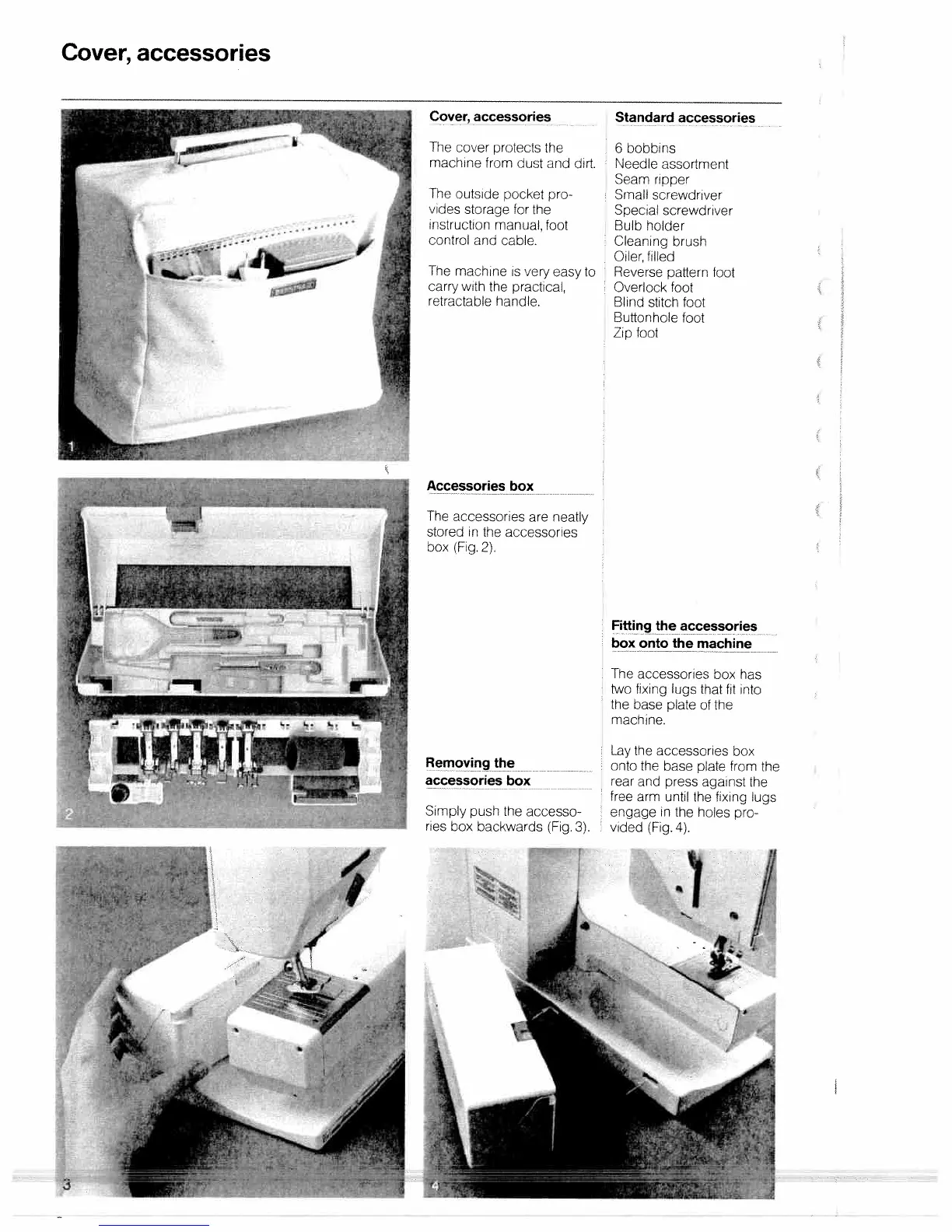 Bernina 1001 - Cover and Accessories Management; Accessories Box Usage
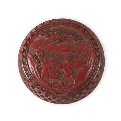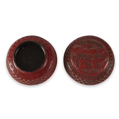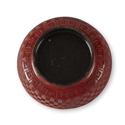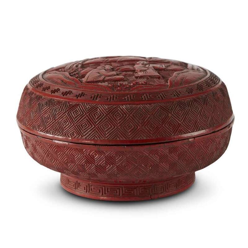 A small Chinese cinnabar lacquer circular box and cover late qing dynasty
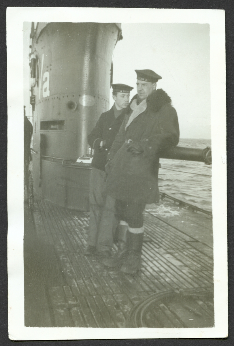 Bilden föreställer två sjömån som står på däck av ubåten Valen och lutar sig mot kanonen.
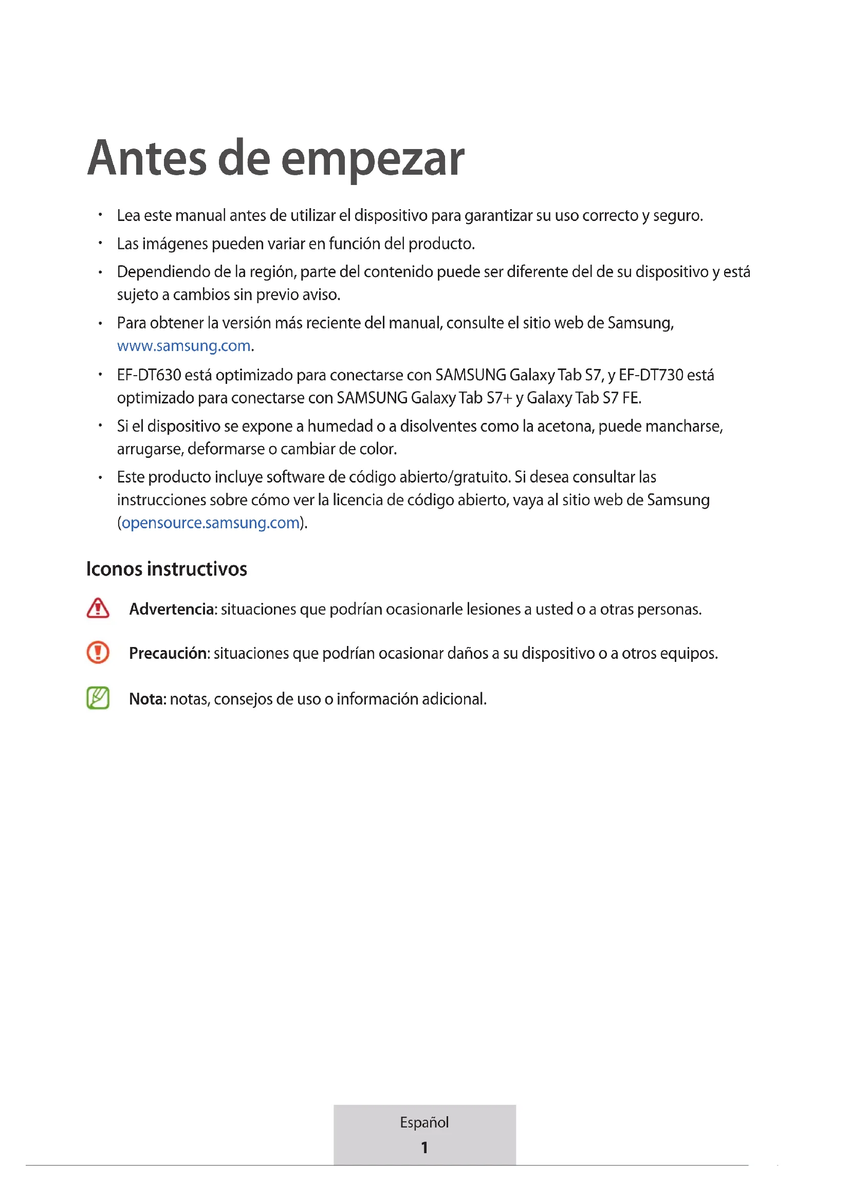 Este producto incluye software de código abierto/gratuito. Si desea consultar las instrucciones sobre cómo ver la licencia de código abierto, vaya al sitio web de Samsung (opensource.samsung.com). Iconos instructivos Advertencia: situaciones que podrían ocasionarle lesiones a usted o a otras personas. Precaución: situaciones que podrían ocasionar daños a su dispositivo o a otros equipos. Nota: notas, consejos de uso o información adicional.2 Español Primeros pasos Contenido de la caja
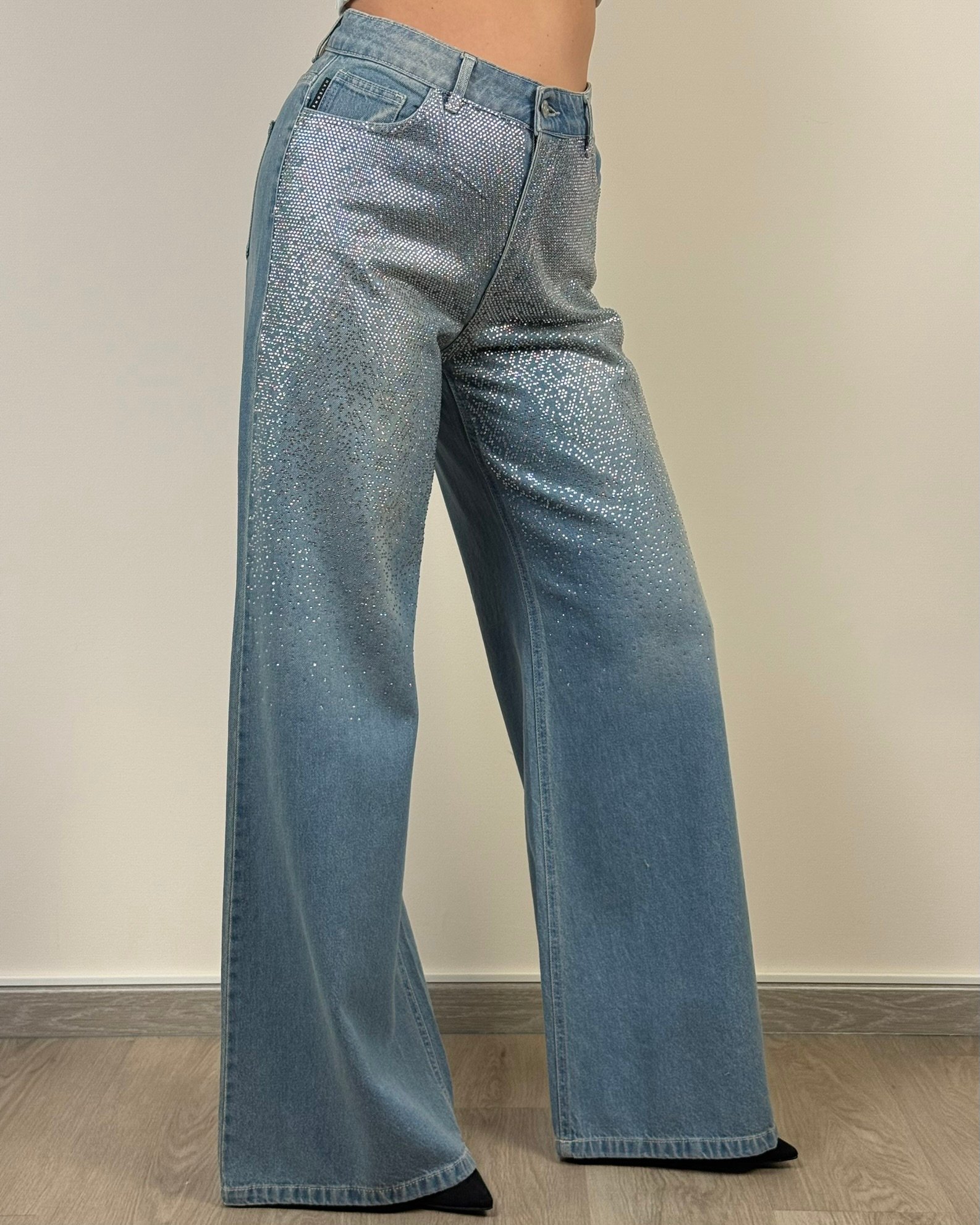 Jeans denim lavaggio medio. Modello vita alta gamba morbida con dettaglio di cascata strass.
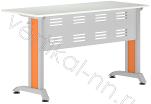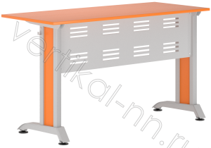 Размеры, мм: Ширина: 1200 Глубина: 500; Высота: гр. 6 высота 760  Стол ученический, 2-местный изготавливается на металлическом каркасе с прямоугольной столешницей и передней перфорированной панелью. Материал столешницы - ламинированная плита ДСП толщиной 16 мм (25 мм по запросу) класса эмиссии Е1. Цвет по согласованию. Кромка ПВХ толщиной 2 мм. Возможен вариант столешницы со скругленными углами.

> **PROBLEM TO SOLVE**
Omit the pictures. Repeat the rest of the data exactly.

> **EXPECTED ANSWER**
 Bernina 1001 - Cover and Accessories Management; Accessories Box Usage
 A small Chinese cinnabar lacquer circular box and cover late qing dynasty
 Bilden föreställer två sjömån som står på däck av ubåten Valen och lutar sig mot kanonen.
 Este producto incluye software de código abierto/gratuito. Si desea consultar las instrucciones sobre cómo ver la licencia de código abierto, vaya al sitio web de Samsung (opensource.samsung.com). Iconos instructivos Advertencia: situaciones que podrían ocasionarle lesiones a usted o a otras personas. Precaución: situaciones que podrían ocasionar daños a su dispositivo o a otros equipos. Nota: notas, consejos de uso o información adicional.2 Español Primeros pasos Contenido de la caja
 Jeans denim lavaggio medio. Modello vita alta gamba morbida con dettaglio di cascata strass.
 Размеры, мм: Ширина: 1200 Глубина: 500; Высота: гр. 6 высота 760  Стол ученический, 2-местный изготавливается на металлическом каркасе с прямоугольной столешницей и передней перфорированной панелью. Материал столешницы - ламинированная плита ДСП толщиной 16 мм (25 мм по запросу) класса эмиссии Е1. Цвет по согласованию. Кромка ПВХ толщиной 2 мм. Возможен вариант столешницы со скругленными углами.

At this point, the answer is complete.